▶ Description of the task
Everything from the "执法联动和联防联控推动了各项" line to the final line of the listing should be written out exactly. Skip the pictures.
********
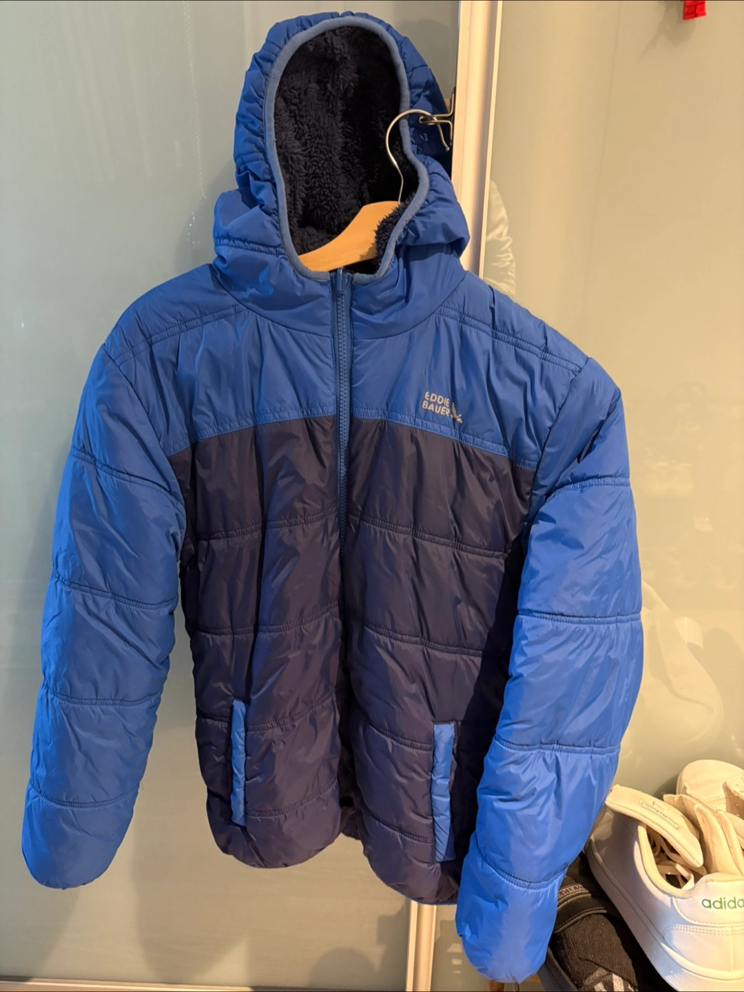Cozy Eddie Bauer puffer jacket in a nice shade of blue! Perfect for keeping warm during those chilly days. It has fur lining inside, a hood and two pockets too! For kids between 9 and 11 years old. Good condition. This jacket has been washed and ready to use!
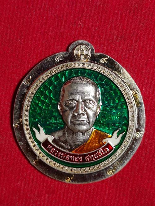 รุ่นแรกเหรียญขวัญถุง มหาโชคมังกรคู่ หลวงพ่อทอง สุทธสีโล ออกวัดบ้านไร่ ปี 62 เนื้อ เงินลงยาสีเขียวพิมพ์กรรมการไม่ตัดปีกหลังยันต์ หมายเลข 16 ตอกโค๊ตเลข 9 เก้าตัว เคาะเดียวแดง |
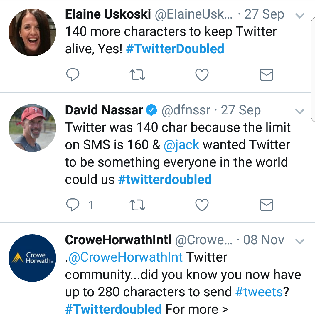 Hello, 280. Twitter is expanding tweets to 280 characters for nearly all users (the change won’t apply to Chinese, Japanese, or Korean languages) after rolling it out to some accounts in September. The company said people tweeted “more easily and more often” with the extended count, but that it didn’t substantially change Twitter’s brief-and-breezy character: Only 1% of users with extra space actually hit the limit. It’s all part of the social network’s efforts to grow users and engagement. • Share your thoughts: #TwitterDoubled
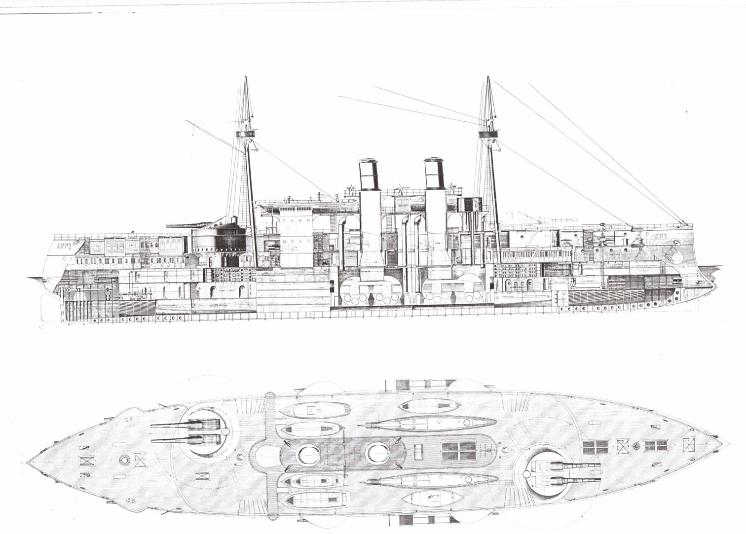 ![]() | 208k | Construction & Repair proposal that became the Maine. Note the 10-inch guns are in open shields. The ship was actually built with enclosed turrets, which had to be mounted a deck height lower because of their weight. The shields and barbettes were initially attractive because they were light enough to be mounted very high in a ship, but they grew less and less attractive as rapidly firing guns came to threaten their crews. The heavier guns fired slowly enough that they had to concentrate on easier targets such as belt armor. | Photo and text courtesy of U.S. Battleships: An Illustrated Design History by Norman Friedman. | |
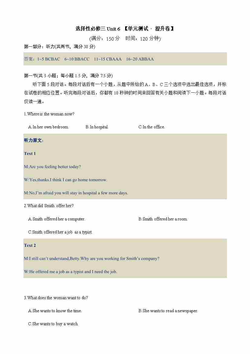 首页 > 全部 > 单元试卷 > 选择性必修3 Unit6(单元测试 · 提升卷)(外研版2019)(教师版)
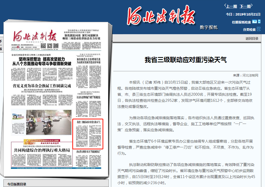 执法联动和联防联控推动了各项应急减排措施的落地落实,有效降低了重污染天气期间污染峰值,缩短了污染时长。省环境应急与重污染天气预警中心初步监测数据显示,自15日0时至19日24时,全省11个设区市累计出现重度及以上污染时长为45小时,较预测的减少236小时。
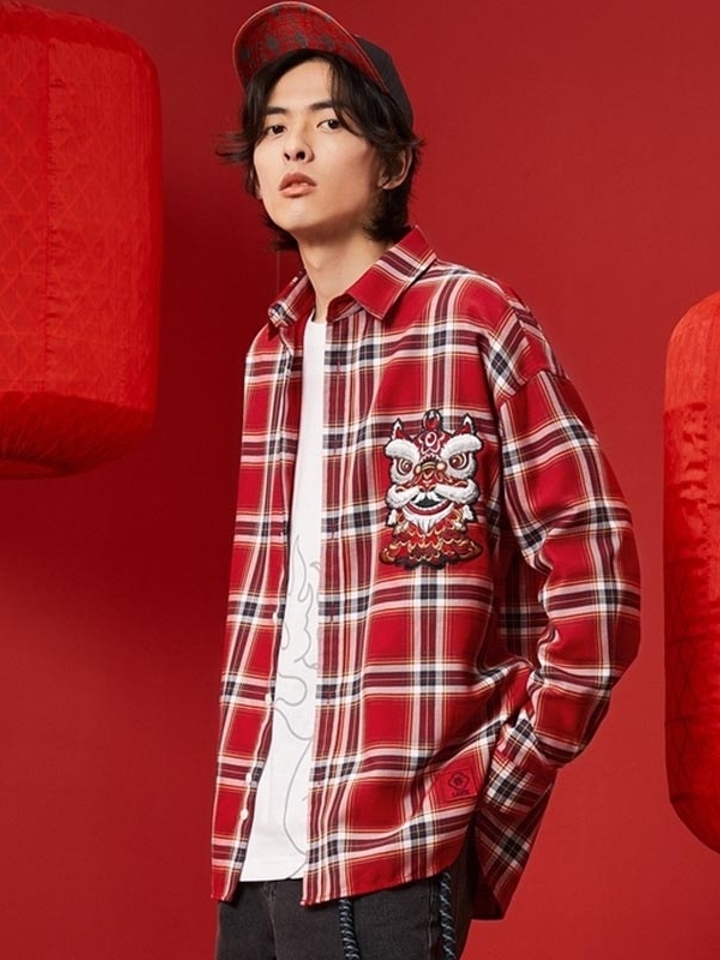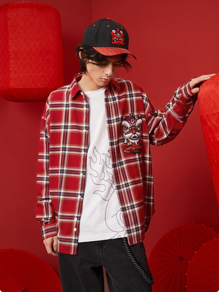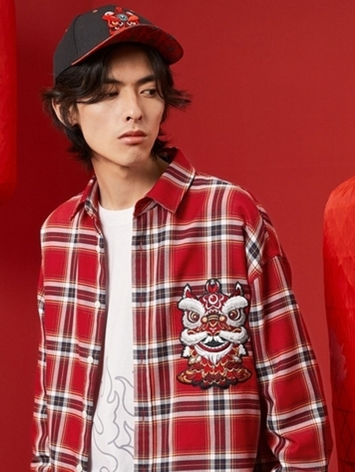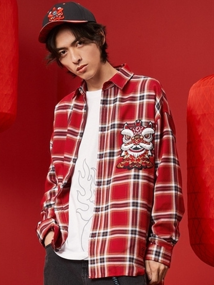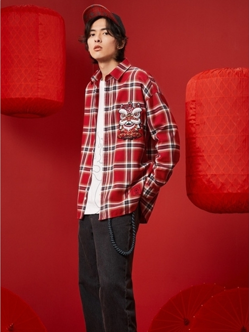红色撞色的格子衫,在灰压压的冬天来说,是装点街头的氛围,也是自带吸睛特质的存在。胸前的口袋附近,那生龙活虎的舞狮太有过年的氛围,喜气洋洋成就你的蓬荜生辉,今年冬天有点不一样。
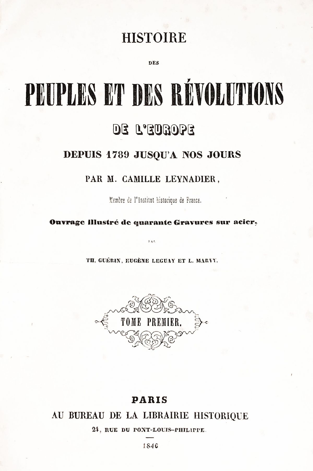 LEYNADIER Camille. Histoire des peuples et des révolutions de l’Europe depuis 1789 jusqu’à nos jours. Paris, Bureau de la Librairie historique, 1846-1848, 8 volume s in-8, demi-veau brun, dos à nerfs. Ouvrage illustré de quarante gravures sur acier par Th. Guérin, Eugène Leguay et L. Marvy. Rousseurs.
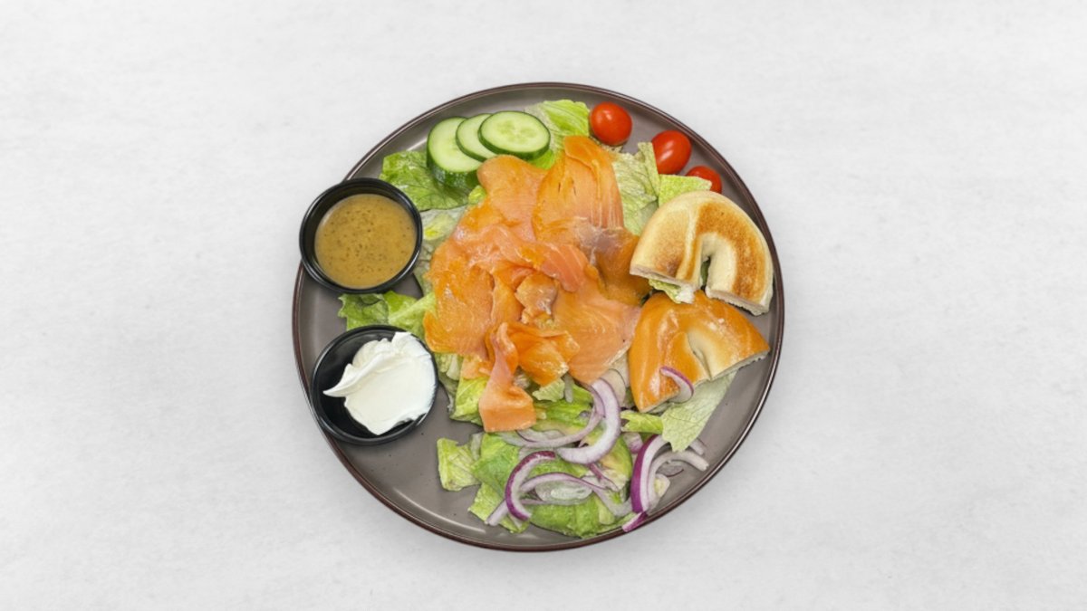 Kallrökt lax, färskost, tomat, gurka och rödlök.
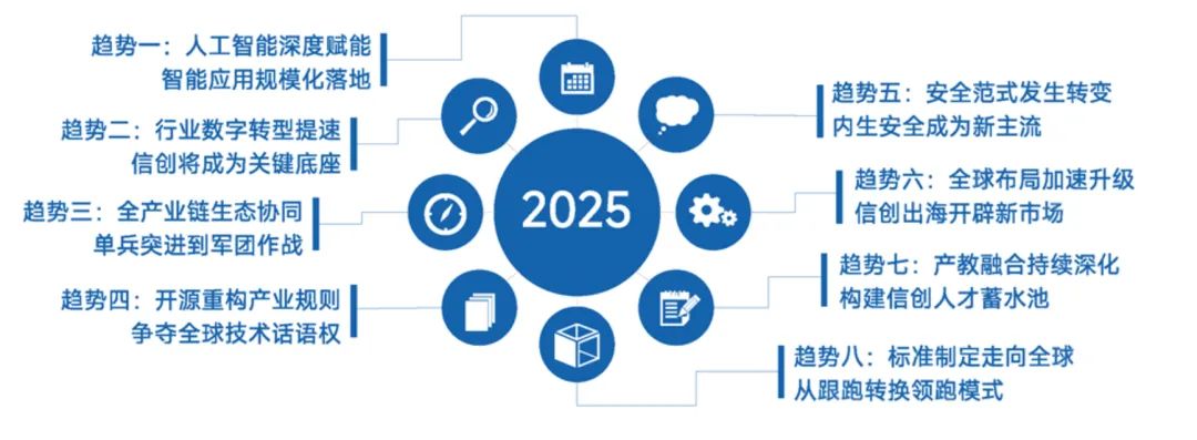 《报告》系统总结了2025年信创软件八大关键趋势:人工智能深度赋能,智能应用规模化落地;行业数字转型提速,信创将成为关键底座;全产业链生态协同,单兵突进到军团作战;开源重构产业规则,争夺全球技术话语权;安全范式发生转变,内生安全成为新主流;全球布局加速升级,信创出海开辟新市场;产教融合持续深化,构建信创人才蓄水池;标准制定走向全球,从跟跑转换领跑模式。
********
▶ Exercise result
 执法联动和联防联控推动了各项应急减排措施的落地落实,有效降低了重污染天气期间污染峰值,缩短了污染时长。省环境应急与重污染天气预警中心初步监测数据显示,自15日0时至19日24时,全省11个设区市累计出现重度及以上污染时长为45小时,较预测的减少236小时。
红色撞色的格子衫,在灰压压的冬天来说,是装点街头的氛围,也是自带吸睛特质的存在。胸前的口袋附近,那生龙活虎的舞狮太有过年的氛围,喜气洋洋成就你的蓬荜生辉,今年冬天有点不一样。
 LEYNADIER Camille. Histoire des peuples et des révolutions de l’Europe depuis 1789 jusqu’à nos jours. Paris, Bureau de la Librairie historique, 1846-1848, 8 volume s in-8, demi-veau brun, dos à nerfs. Ouvrage illustré de quarante gravures sur acier par Th. Guérin, Eugène Leguay et L. Marvy. Rousseurs.
 Kallrökt lax, färskost, tomat, gurka och rödlök.
 《报告》系统总结了2025年信创软件八大关键趋势:人工智能深度赋能,智能应用规模化落地;行业数字转型提速,信创将成为关键底座;全产业链生态协同,单兵突进到军团作战;开源重构产业规则,争夺全球技术话语权;安全范式发生转变,内生安全成为新主流;全球布局加速升级,信创出海开辟新市场;产教融合持续深化,构建信创人才蓄水池;标准制定走向全球,从跟跑转换领跑模式。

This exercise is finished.